→ **Excerpted records**:
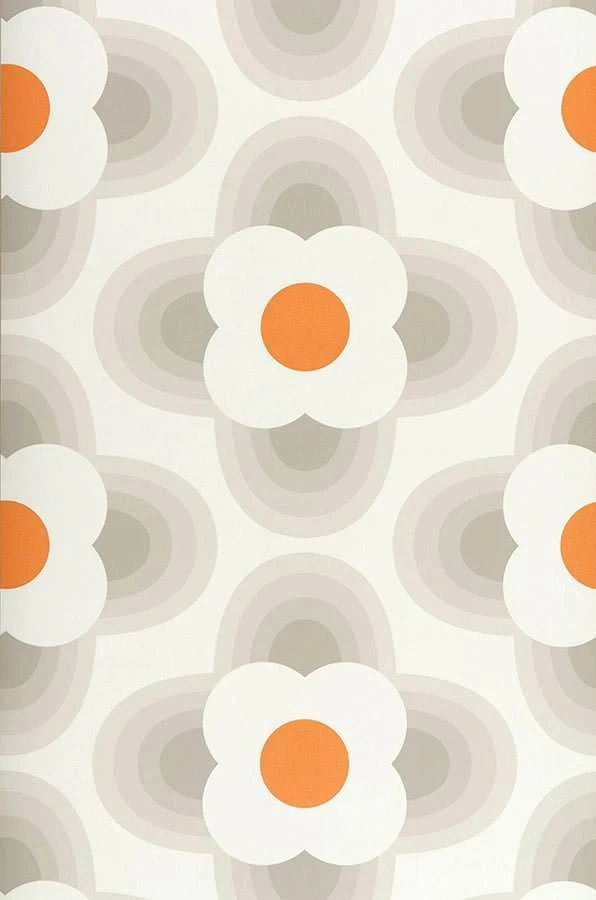 Helles Graubeige in verschiedenen Schattierungen kontrastiert mit kräftigem Orange und gibt den von Orla Kiely entworfenen stilisierten Blüten nebelhafte, verschwommene Konturen. Trotz der Klarheit der Formgebung scheinen die Blüten durch die Farbwahl ein Geheimnis zu wahren und harmonieren ideal mit aktuellen Schlammfarben und Taupe-Tönen. Das Retro-Design gibt es noch in drei weiteren, ganz unterschiedlich wirkenden Farbvariationen.
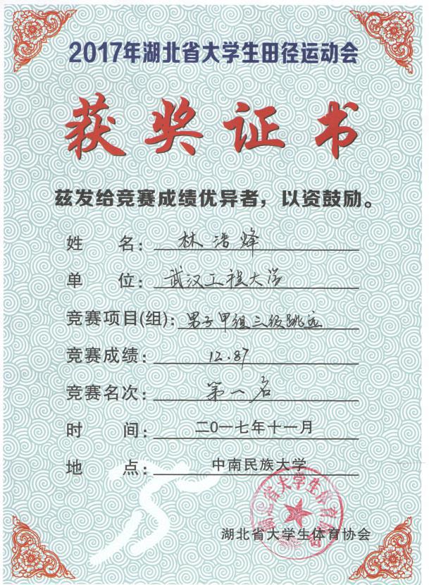 在刚落幕的2017年湖北省大学生大学生田径运动会上,我院学子荣获两枚金牌,包揽学校全部金牌,创学院历史。
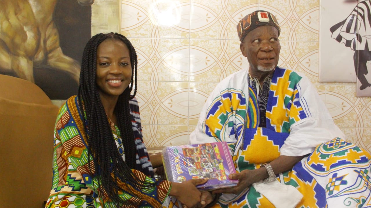 The Savannah Regional representative for the 2021 edition of Ghana Most Beautiful (GMB) Miss Arama Sulemana on Friday, February 25th, 2022, paid a courtesy call on the Paramount Chief for the Buipe Traditional Area and Vice President of the Savannah Regional House of Chiefs Buipewura Abdulai Jinapor II.
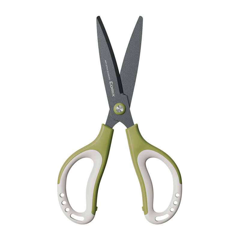 齐心(COMIX)178mm特氟龙防粘剪刀 软胶手柄弧形剪片省力设计 家用剪手工剪纸开箱刀 绿色EB6055
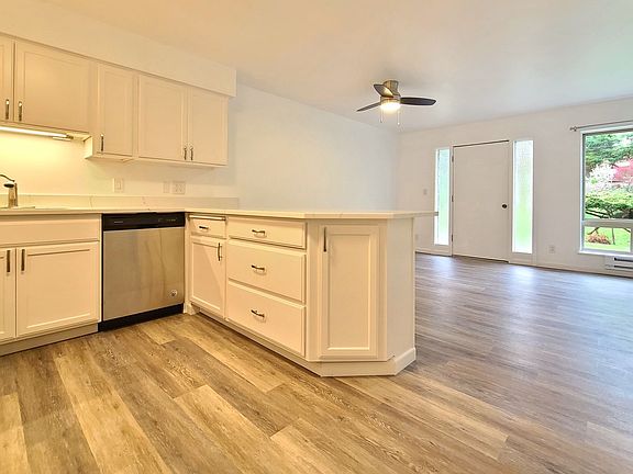 Remodeled ground level unit has features new flooring, countertops and appliance. This unit is spacious and airy. Floorplan has a semi open concept feel, large picture window in living room to enjoy the nicely kept landscaping, two bedrooms, one bath and private laundry room including washer and dryer. Conveniently located off Evergreen Way with easy access to parks, shopping, schools and I-5. OUR LEASE REQUIREMENTS: All persons 18 years and older MUST complete the online application/screening. Lease Requirements: Credit score of 650+ | Pass Criminal History Check | No Bankruptcies | No Evictions | Good Rental History | Min. monthly income requirement $5,150 | Non-Smoking Property Applications MUST include: Photo of Government issued ID (both sides) | Photo of Pet(s) | 2 months current pay stubs | Sorry, no "Co-Signer" Leases | No tenant-provided consumer reusable (portable) tenant screening reports accepted | Standard 12 month lease Pet Policy: One small dog up to 20lbs. NO Cats Allowed. (No dangerous breeds, must be spayed/neutered, No puppies or kittens) Each pet requires a $250 Pet Fee, a $250 Refundable Deposit and a $45 pet rent each. (We follow all Fair Housing Guidelines regarding pets.) PET SCREENING IS A REQUIRED PART OF THE APPLICATION PROCESS FOR ALL APPLICANT Utilities: Tenant to pay all utilities. Rental Terms: Application Fee: $55 | Holding Deposit, 25% of 1st Months l Rent $1,725 | Security/Damage Deposit $1,725 | $250 Document fee applies l Monthly $35 Resident Benefit Package *RENT SMART! REAL PROPERTY MANAGEMENT NORTH PUGET SOUND DOES NOT ACCEPT OR REQUIRE CASH OR WIRED FUNDS*
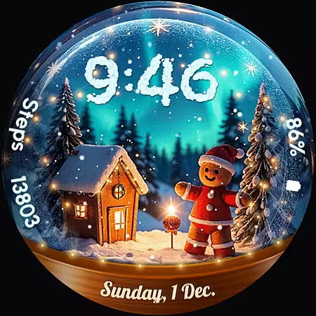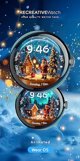 ReS56 is a festive watch face app designed to bring holiday cheer directly to your smartwatch. Featuring animated falling snow and magical spark effects, it creates an enchanting snow globe scene on your wrist. The app showcases various festive characters such as Santa Claus, reindeer, polar bear, gingerbread man, and snowman, making it perfect for the holiday season.
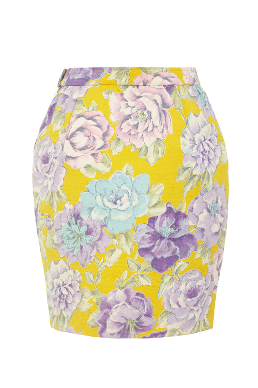 Alberta Ferretti beige skirt with purple flowers. Floral Geoprint
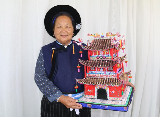 近年來(lái),鶴慶縣高度重視民間文化遺產(chǎn)保護(hù)工作,甸南族刺繡作為民間特色文化遺產(chǎn)之一,得到較好的保護(hù)和傳承。近日,金墩鄉(xiāng)銀河村上曲江自然村71歲的老繡娘趙煥珍,經(jīng)過(guò)多次實(shí)地觀(guān)摩,邊做邊改,邊構(gòu)思邊計(jì)算,以繡花、梳花、牽花、飄花、釘花等多種刺繡方法,歷時(shí)10個(gè)多月,把縣城的地標(biāo)性建筑——云鶴樓按比例縮放,創(chuàng)作出了新的刺繡作品“云鶴樓”。
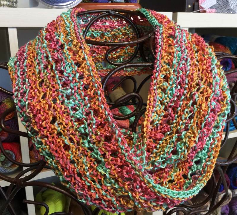 There are two pattern versions, the moebius and infinity cowl; each one is fast and fun to knit.

→ **Exercise directions**:
Please transcribe, word for word, every line from the first line of the records above through the line containing "齐心(COMIX)178mm特氟龙防粘剪刀 软胶手柄弧形剪片省力设计 家用剪手工剪纸开箱刀", and leave out any pictures.

→ **Task output**:
 Helles Graubeige in verschiedenen Schattierungen kontrastiert mit kräftigem Orange und gibt den von Orla Kiely entworfenen stilisierten Blüten nebelhafte, verschwommene Konturen. Trotz der Klarheit der Formgebung scheinen die Blüten durch die Farbwahl ein Geheimnis zu wahren und harmonieren ideal mit aktuellen Schlammfarben und Taupe-Tönen. Das Retro-Design gibt es noch in drei weiteren, ganz unterschiedlich wirkenden Farbvariationen.
 在刚落幕的2017年湖北省大学生大学生田径运动会上,我院学子荣获两枚金牌,包揽学校全部金牌,创学院历史。
 The Savannah Regional representative for the 2021 edition of Ghana Most Beautiful (GMB) Miss Arama Sulemana on Friday, February 25th, 2022, paid a courtesy call on the Paramount Chief for the Buipe Traditional Area and Vice President of the Savannah Regional House of Chiefs Buipewura Abdulai Jinapor II.
 齐心(COMIX)178mm特氟龙防粘剪刀 软胶手柄弧形剪片省力设计 家用剪手工剪纸开箱刀 绿色EB6055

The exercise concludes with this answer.